Cesar Fonseca em 09/02/2012

Dilma Rousseff pode ter dado uma tacada de gênio para conquistar o eleitor paulista, a fim de eleger o candidato petista, Fernando Haddad, prefeito de São Paulo, a cidade mais rica da América do Sul, graças à privatização/concesão dos aeroportos bandeirantes. Foi um grande negócio econômico financeiro. É disso que paulista gosta. A titular do Planalto foi na alma da paulicéia desvairada, ao mostrar sua competência para ganhar dinheiro. Botou preço na mercadoria que tinha – tinha, não, tem, porque o governo continuará mandando, ainda, em 49% do resultado final – em mãos e deixou os concorrentes se ralarem no leilão. Resultado: sucesso total. Essencialmente, é isso que, para além das discussões ideológicas, interessa. O espírito de negociante da presidenta, experiente nas relações com os homens que sabem tocar o progresso, sinalizará aos eleitores e eleitoras paulistas que a competência empresarial, além da política, chegou ao Palácio do Planalto. As mulheres paulistas, grandes empresárias, devem estar adorando. O ex-presidente Lula, cabo eleitoral de Haddad, certamente, tem muita força, para levar adiante a candidatura do ex-ministro da Educação, mas o charme negocial dilmista tende a bater bem na alma desse povo doido com trabalho, revertendo, quem sabe, a antipatia dele pelos petistas, mais chegados a um blá-blá-blá sindicalista corporativista nacionalista socialista etc. Se a privatização representou, para os tucanos, demonização ; para os petistas, pode significar redenção. Quem diria!

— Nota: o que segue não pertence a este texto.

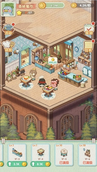 接下来玩家只需在下方菜单里挑选合适的装饰品,就能开启营业。随着金币不断积累,还能进一步升级装修设施,最高可以升到10级。
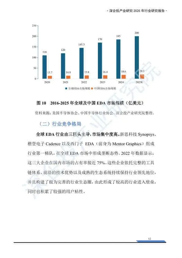 - 市场规模:预计2025年全球EDA市场规模达200亿美元,中国达20.5亿美元。
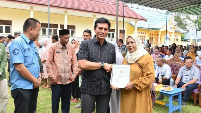 "Ya kita bantu untuk pembuatan sertifikat tanah ini, sehingga penyerahan sertifikat gratis ini supaya jelas atas hak dari tanah yang dimiliki masyarakat di sini," kata Bupati Batang Hari Jambi, M Fadhiel Arief, Sabtu (11/2/2023).
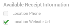 You may check the following boxes in order to show each piece of information on the receipt. Any unchecked boxes won't be shown:
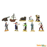 De Pirates TOOB van Safari Ltd bevat miniatuurfiguren met een piratenthema, waaronder piraten met kenmerkende attributen en een piratenschip. Het is ontworpen voor zowel spel als educatie, en is onderdeel van Safari Ltd's inzet om door middel van speelgoed educatieve waarde te bieden.
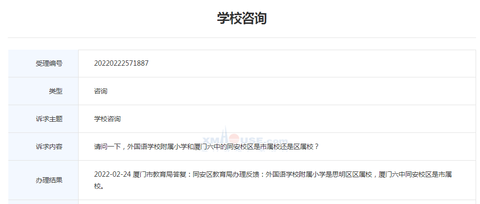 廈門市教育局答復(fù):同安區(qū)教育局辦理反饋:外國(guó)語學(xué)校附屬小學(xué)是思明區(qū)區(qū)屬校,廈門六中同安校區(qū)是市屬校。
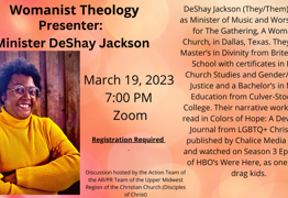 As we work to further the Kin-dom of God, here and now, many people of faith are getting tired because the institution of the Church has caused so much pain to so many. Join us and Lillian for a time to learn and renew ourselves as we work to be a Church we are proud of.
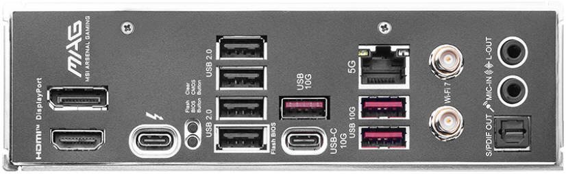 Back Panel Ports DisplayPort, HDMI, USB 2.0, USB 10Gbps (Type-A & Type-C), 5G LAN, Wi-Fi/Bluetooth, Thunderbolt™ 4, Flash BIOS Button, Clear CMOS Button, S/PDIF-OUT, Audio connectors
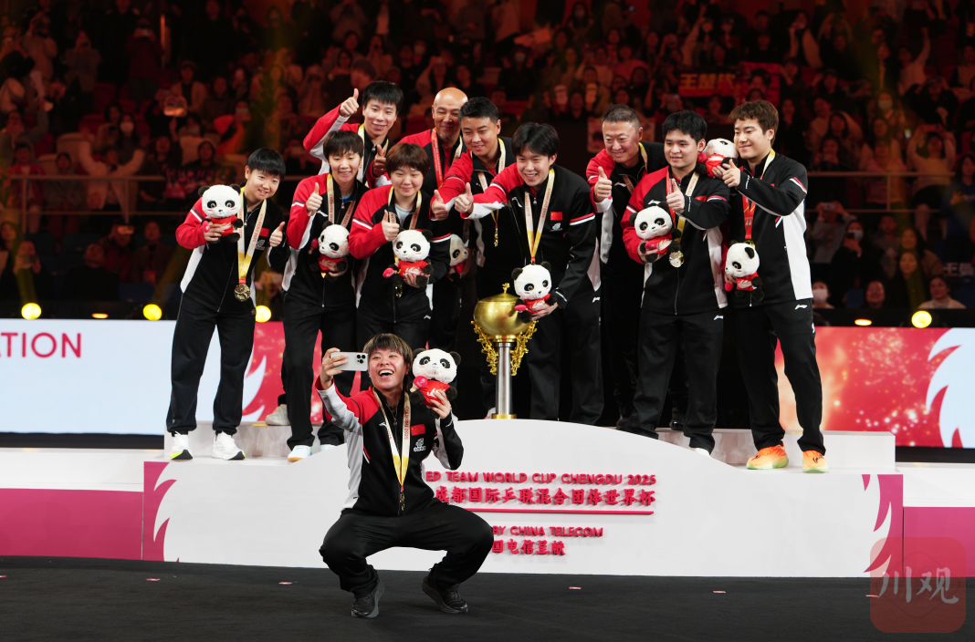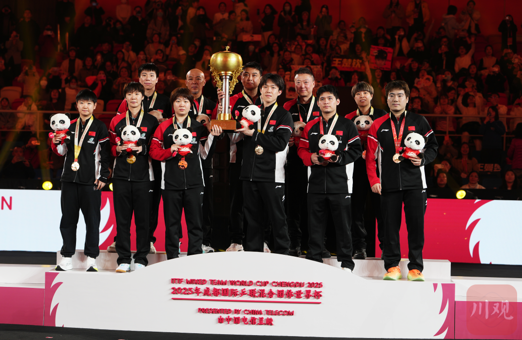 12月7日晚,2025年成都国际乒联混合团体世界杯总决赛在四川省体育馆落下帷幕。在决赛中,中国队以8比1战胜日本队获得赛事冠军,也在该项赛事中实现三连冠。
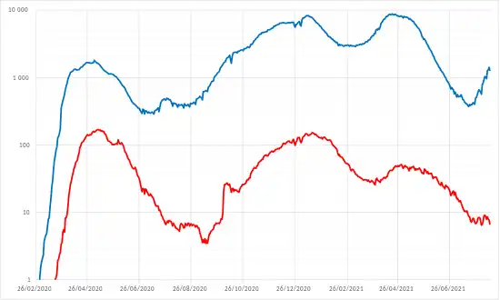 Au , le pays compte plus de 20 000 morts[37]. Au , le pays compte plus de 27 000 morts[2].

Ainda não há comprovação dessa tese, é claro; talvez o Ibope ou o Datafolha, nos próximos dias, mande checar.

Mas, o sentimento  histórico do espírito eleitoral paulista pode ter gostado e se emocionado com o que viu. Por isso, não estará afastada a possibilidade de que ele esteja batendo palmas para a estratégia da privatização dilmista, que envolve concessão com participação do governo no negócio, mandando em praticamente metade das ações.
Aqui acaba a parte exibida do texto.